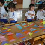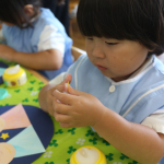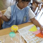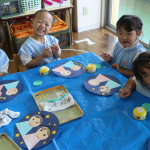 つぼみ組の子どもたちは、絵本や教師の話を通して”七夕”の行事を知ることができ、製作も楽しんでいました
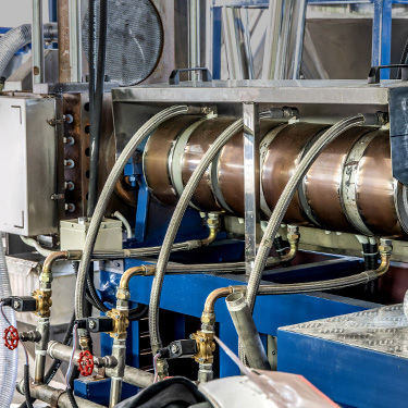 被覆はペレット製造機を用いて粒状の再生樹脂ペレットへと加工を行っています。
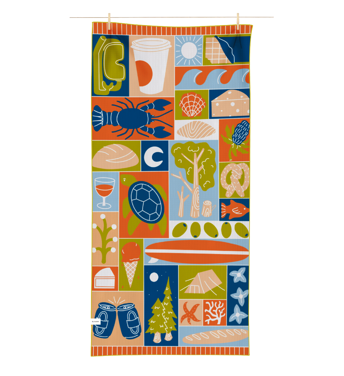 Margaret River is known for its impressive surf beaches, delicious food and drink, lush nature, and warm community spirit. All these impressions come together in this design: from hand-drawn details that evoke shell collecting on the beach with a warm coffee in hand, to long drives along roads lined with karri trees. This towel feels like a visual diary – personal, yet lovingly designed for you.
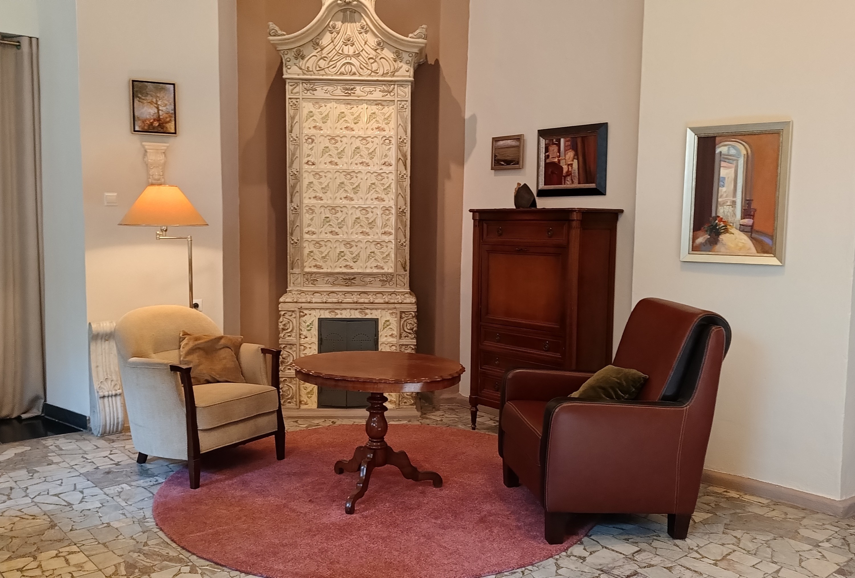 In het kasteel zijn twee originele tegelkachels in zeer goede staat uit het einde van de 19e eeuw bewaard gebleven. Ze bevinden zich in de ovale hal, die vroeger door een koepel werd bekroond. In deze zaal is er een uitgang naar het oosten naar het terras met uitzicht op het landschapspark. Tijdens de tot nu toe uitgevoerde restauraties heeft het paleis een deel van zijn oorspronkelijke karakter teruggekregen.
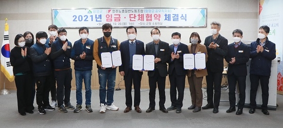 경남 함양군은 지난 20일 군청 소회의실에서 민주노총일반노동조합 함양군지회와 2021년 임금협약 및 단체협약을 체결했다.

· · · ·

What is expected: The line containing "被覆はペレット製造機を用いて粒状の再生樹脂ペレットへと加工を行っています。" marks the end; please output exactly the lines of the listing above from its first line through that line, without pictures.

Final answer:
 つぼみ組の子どもたちは、絵本や教師の話を通して”七夕”の行事を知ることができ、製作も楽しんでいました
 被覆はペレット製造機を用いて粒状の再生樹脂ペレットへと加工を行っています。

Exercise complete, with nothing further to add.